Appropriate metals include, for example, titanium, cobalt,
stainless steel, nickel, iron alloys, cobalt alloys, such as
Elgiloy.RTM., a cobalt-chromium-nickel alloy, and MP35N, a
nickel-cobalt-chromium-molybdenum alloy, and Nitinol.RTM., a
nickel-titanium alloy. Appropriate synthetic materials include
hydrogels and other synthetic materials that cannot withstand
severe dehydration.
[0114] Biocompatible materials can be fabricated from synthetic
polymers as well as purified biological polymers. These synthetic
polymeric materials can be formed into fibers and then can be woven
or knitted into a mesh to form a matrix or similar structure.
Alternatively, the synthetic polymer materials can be molded or
cast into appropriate forms.
[0115] Appropriate synthetic polymers include, without limitation,
polyamides (e.g., nylon), polyesters, polystyrenes, polyacrylates,
vinyl polymers (e.g., polyethylene, polytetrafluoroethylene or
other halogenated polymers such as polyvinylchloride,
polypropylene, other polyolefins, ethylene-propylene copolymers,
and ethylene-propylene-diene monomer copolymers (EPDM)),
polycarbonates, polyacetals (e.g., Delrin.RTM.), polyurethanes,
polydimethyl siloxanes, cellulose acetates,
polymethylmethacrylates, ethylene vinyl acetates, polysulfones,
nitrocelluloses, polyetheretherketones (PEEK) and copolymers and
mixtures thereof.

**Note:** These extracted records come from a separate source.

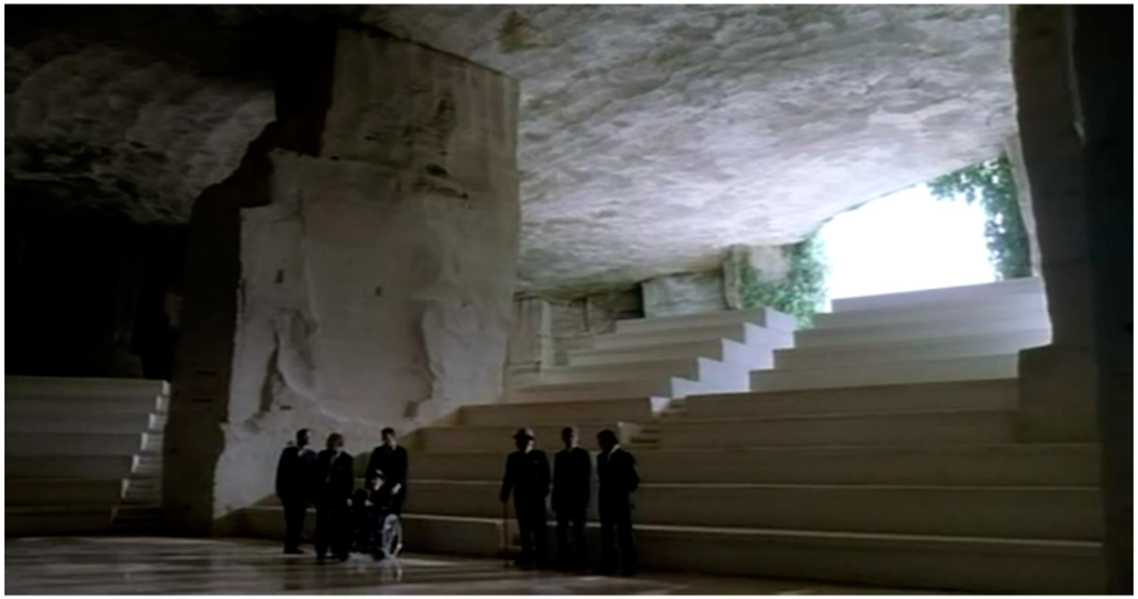 A scene in the latomie (“Par Condicio”): a secret meeting between the oldest bosses of Mafia families [48].
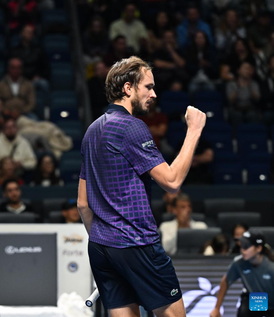 Daniil Medvedev of Russia celebrates scoring during the men's singles semifinal match against James Duckworth of Australia at the ATP250 Almaty Tennis Open in Almaty, Kazakhstan, on Oct. 18, 2025. (Xinhua/Li Renzi)
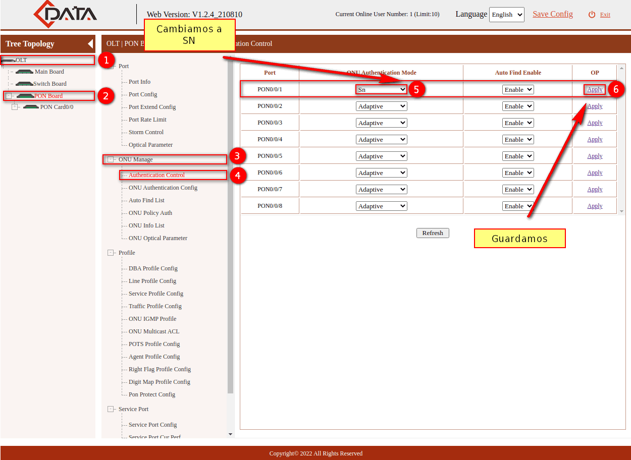 1 Entramos a la interfaz web de nuestra OLT e iniciamos sesión y deshabilitamos el modo Auto o Adaptive
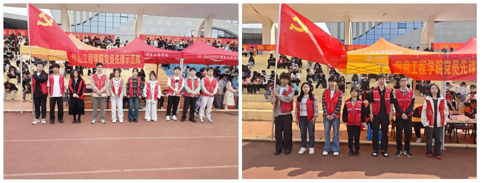本网讯:10月31日至11月1日,学校第二十三届运动会盛大启幕,赛道上的冲刺点燃全场欢呼,领奖台的荣光闪耀晴空。而在这些热血瞬间之外,信息学院学生支部党员先锋示范岗的志愿者们,以一抹“志愿红”生动诠释了“团结友爱、追求卓越、忠诚担当”的“三信精神”。他们身穿红马甲、手持垃圾袋,穿梭在看台缝隙与跑道边缘,将散落的纸屑、空瓶一一拾起,用指尖的细致守护赛场的洁净,让“红色力量”成为盛会中最温暖的底色。

Based on desirable properties and experience in
the medical device field, preferred polymers include, for example,
polyetheretherketones, polyacetals, polyamides, polyurethanes,
polytetrafluoroethylenes, polyester teraphthalates, polycarbonates,
polysulfones, polypropylenes, and copolymers and mixtures
thereof.
[0116] Biological polymers can be naturally occurring or produced
in vitro by, for example, fermentation and the like. Purified
biological polymers can be appropriately formed into a substrate by
techniques such as weaving, knitting, casting, molding, extrusion,
cellular alignment and magnetic alignment. Suitable biological
polymers include, without limitation, collagen, elastin, silk,
keratin, gelatin, polyamino acids, polysaccharides (e.g., cellulose
and starch) and copolymers thereof.
[0117] Assembly of Medical Devices
[0118] The adhesive delivery systems described herein can be used
for the assembly of medical devices. The application of the
adhesive with the adhesive delivery system can be performed by
automated equipment, by hand with appropriately skilled operators
or by a combination thereof. In any case, the use of the adhesive
delivery systems described herein facilitate adhesive delivery,
improve reproducibility and accuracy of adhesive delivery.

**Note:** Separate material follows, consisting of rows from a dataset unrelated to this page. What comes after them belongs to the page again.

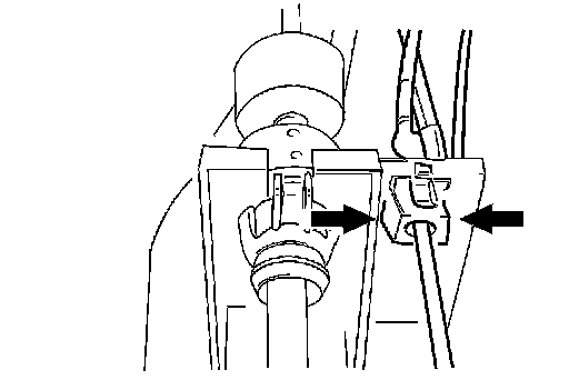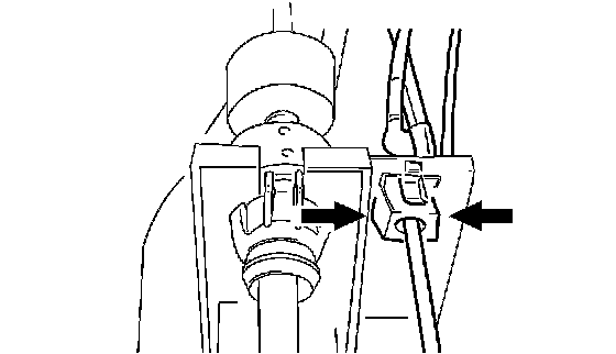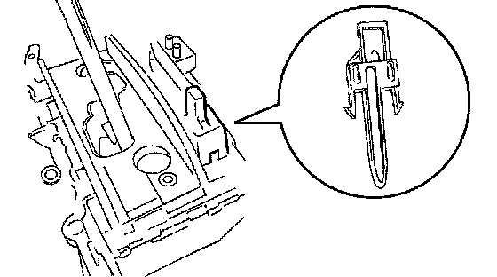 b. Using a screwdriver, disconnect the parking lock cable from the floor shift assembly and clamp.
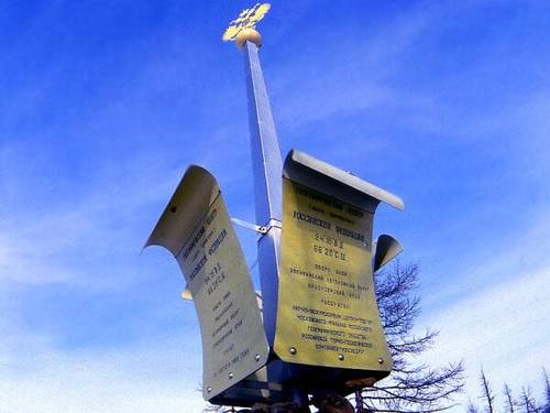 Чтобы визуально обозначить географический центр России, 21 августа 1992 года в Эвенкию была направлена вертолетами большая научная группа. Ее участники привезли с собой семиметровый монумент с четырьмя металлическими страницами в виде как бы свитков. Их количество символизировало четыре стороны света. Спустя неделю состоялось торжественное открытие монумента.
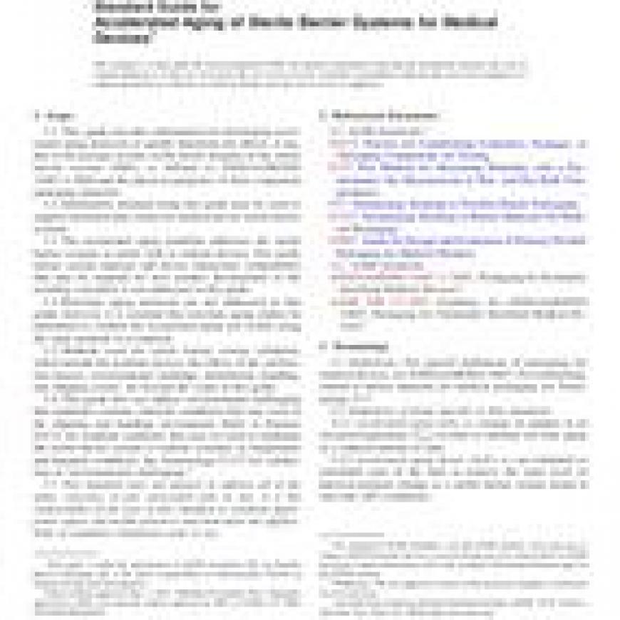 1.1 This guide provides information for developing accelerated aging protocols to rapidly determine the effects, if any, due to the passage of time on the sterile integrity of the sterile barrier system (SBS), as defined in ANSI/AAMI/ISO 11607-1:2006 and the physical properties of their component packaging materials.
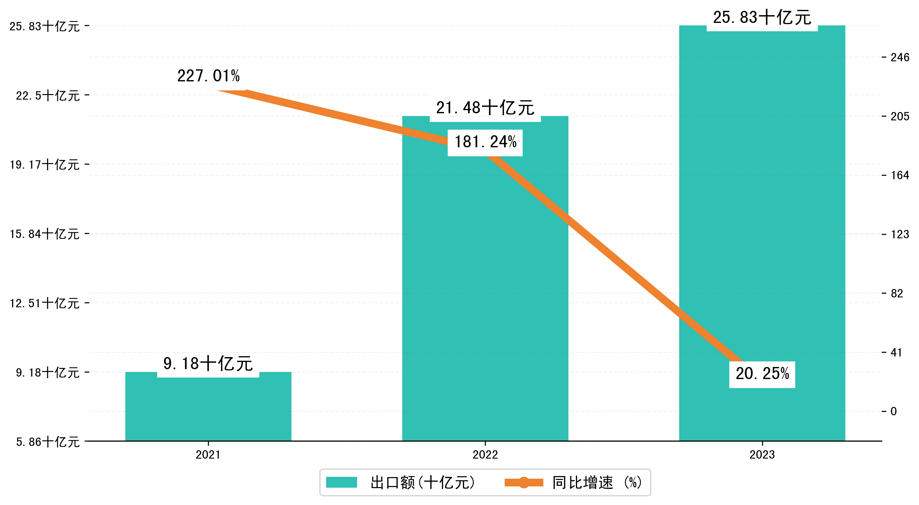 以人民币计,2023年1-12月新余市出口额为258,3088.6782万元,相比上年同期增加了43,5064.8781万元,同比增加了20.30%。

[0119] The adhesive delivery systems are particularly advantageous
for the rapid delivery of adhesive along curved surfaces. Delivery
of adhesive along curved surfaces is especially useful for medical
devices with three dimensional shapes. If the delivery conduit is
positioned by hand, the adhesive delivery conduits provide for
relatively easy positioning of the components needed to apply the
adhesive along curved surfaces. Automated/robotic actuators can be
used to position the adhesive delivery conduit at an appropriate
position relative to a component of a medical device.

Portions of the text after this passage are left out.